**** Dataset entries ****

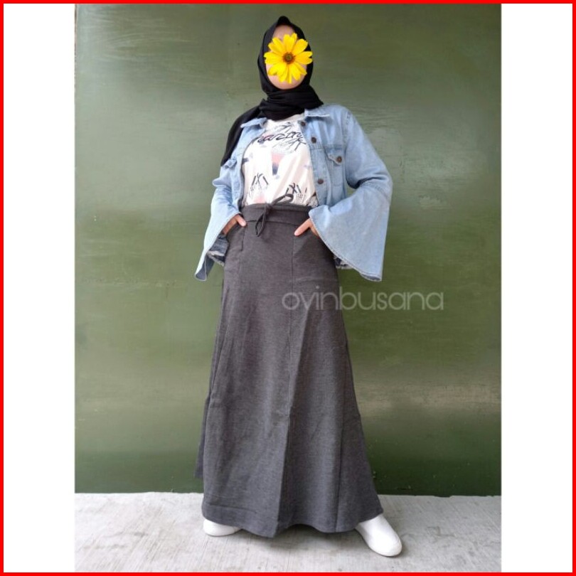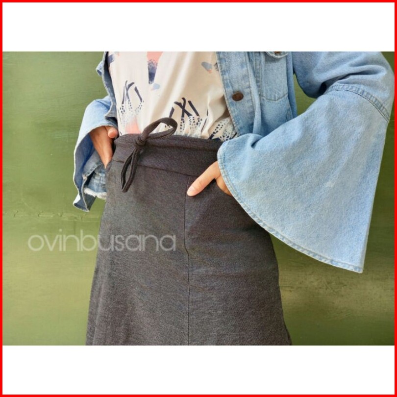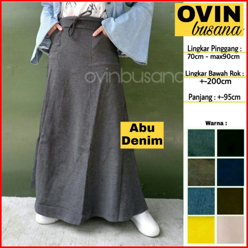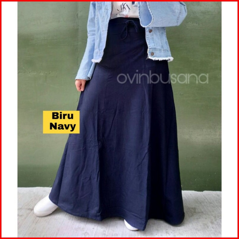 Rok Tali Denim Polos Basic Skirt - Bahan Premium Denim Stretch Panjang
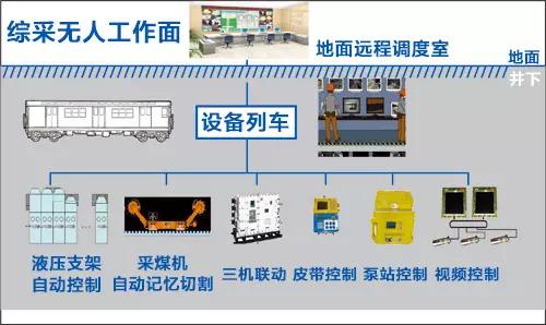 地面或顺槽集中监控采煤机、支架、三机、泵站、移变和开关等。
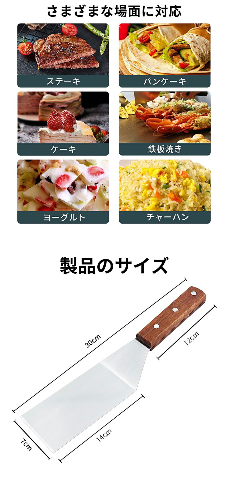 商品詳細 詳細 【フライ返し】このフライ返しの長くて幅の広いブレードは、より簡単にバーベキュー、反転、フライを行うことができます。人間的なデザインはあなたの料理をより便利にします。柔らかい食べ物をカットしたり、食べ物の残りかすを取り除いたりすることもできます。 【使いやすい】このターナーは食べ物の下に簡単に滑り込むことができ、食べ物を損なうことはありません。洗浄が簡単、キッチンやアウトドアで使用できます。グリルで簡単に食べ物をカットしたり、魚やステーキなどをひっくり返したりすることができます。 【用途は幅広い】料理シャベルは日常的な調理に使用でき、適切なサイズでピクニックやバーベキューにも便利です。バーベキューや料理、ハンバーグやステーキ、焼き魚などに使用できます。それはあなたのためにいろいろなおいしい料理を作ることができます。 【良質材料】この専門キッチンツールは420ステンレス製で、健康で安全です。木製のハンドルは断熱性があり、握り心地が良く、長持ちします。キッチンやバーベキュー愛好家の必須ツールです。 【製品サイズ】フライ返しサイズは:30 x 7cm、重量約140g。フライ返しには一定の角度があり、使い心地がよく、コントロールが上手です。
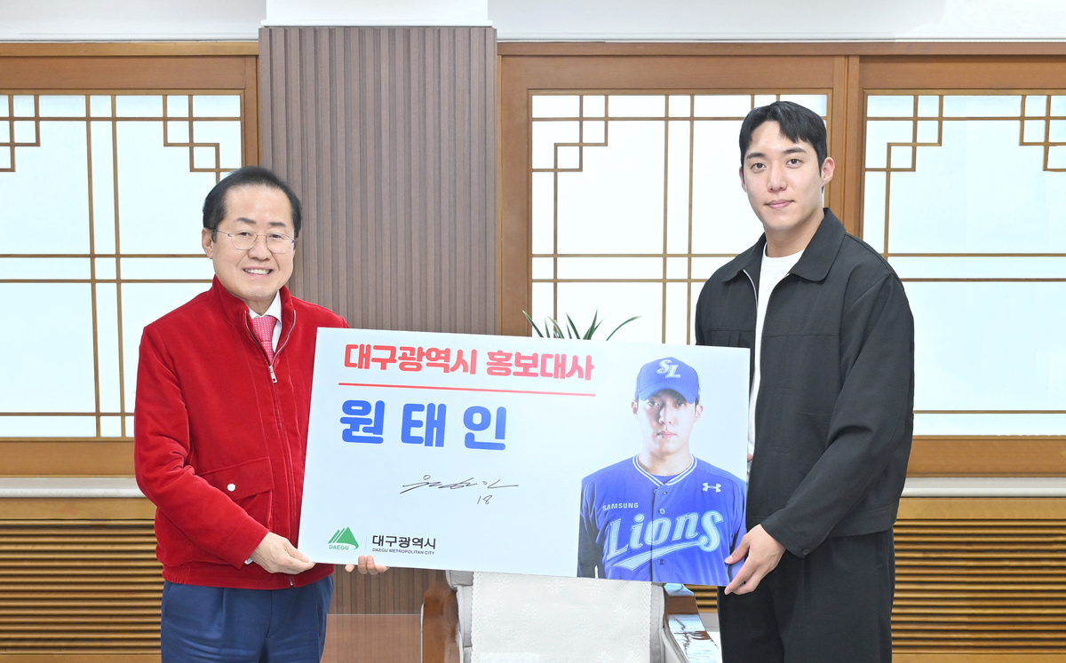 홍준표 시장은 "대구를 대표하는 스포츠 스타인 원태인 선수의 뛰어난 실력과 긍정적인 이미지는 대구의 매력을 널리 알리는 데 큰 역할을 할 것"이라며 "지역을 홍보하고 시민들에게 자긍심을 심어주는 홍보대사로 활약해 주길 바란다"고 말했다.
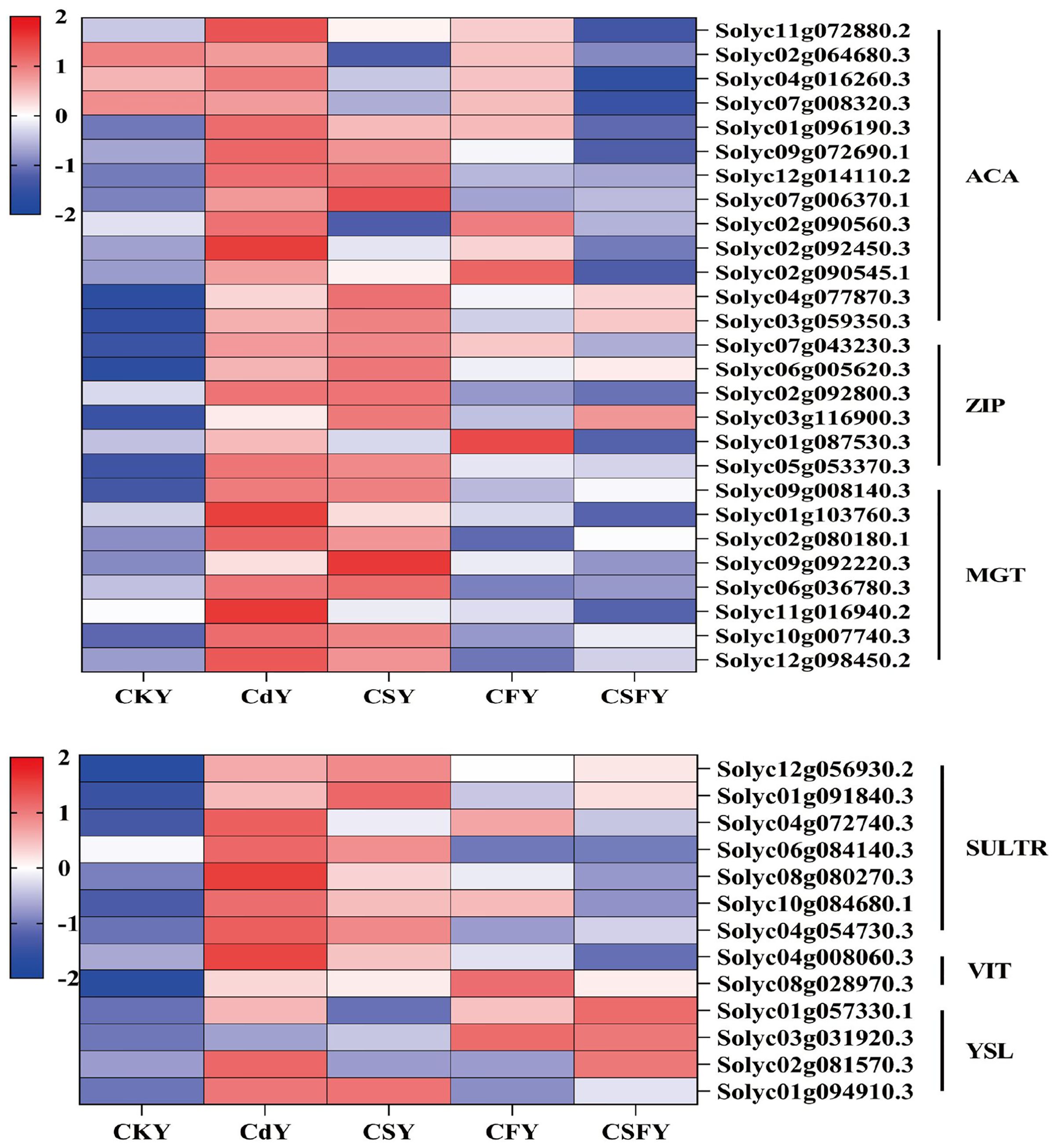 “In this experiment, Cd exposure upregulated genes encoding ACA, ZIP, MGT, SULTR, VIT, and YSL, while CSF treatment significantly downregulated these genes (Figure 12).”

****

Aim of the task =>
From the first line to the last, copy the records exactly and skip the pictures.

Worked solution =>
 Rok Tali Denim Polos Basic Skirt - Bahan Premium Denim Stretch Panjang
 地面或顺槽集中监控采煤机、支架、三机、泵站、移变和开关等。
 商品詳細 詳細 【フライ返し】このフライ返しの長くて幅の広いブレードは、より簡単にバーベキュー、反転、フライを行うことができます。人間的なデザインはあなたの料理をより便利にします。柔らかい食べ物をカットしたり、食べ物の残りかすを取り除いたりすることもできます。 【使いやすい】このターナーは食べ物の下に簡単に滑り込むことができ、食べ物を損なうことはありません。洗浄が簡単、キッチンやアウトドアで使用できます。グリルで簡単に食べ物をカットしたり、魚やステーキなどをひっくり返したりすることができます。 【用途は幅広い】料理シャベルは日常的な調理に使用でき、適切なサイズでピクニックやバーベキューにも便利です。バーベキューや料理、ハンバーグやステーキ、焼き魚などに使用できます。それはあなたのためにいろいろなおいしい料理を作ることができます。 【良質材料】この専門キッチンツールは420ステンレス製で、健康で安全です。木製のハンドルは断熱性があり、握り心地が良く、長持ちします。キッチンやバーベキュー愛好家の必須ツールです。 【製品サイズ】フライ返しサイズは:30 x 7cm、重量約140g。フライ返しには一定の角度があり、使い心地がよく、コントロールが上手です。
 홍준표 시장은 "대구를 대표하는 스포츠 스타인 원태인 선수의 뛰어난 실력과 긍정적인 이미지는 대구의 매력을 널리 알리는 데 큰 역할을 할 것"이라며 "지역을 홍보하고 시민들에게 자긍심을 심어주는 홍보대사로 활약해 주길 바란다"고 말했다.
 “In this experiment, Cd exposure upregulated genes encoding ACA, ZIP, MGT, SULTR, VIT, and YSL, while CSF treatment significantly downregulated these genes (Figure 12).”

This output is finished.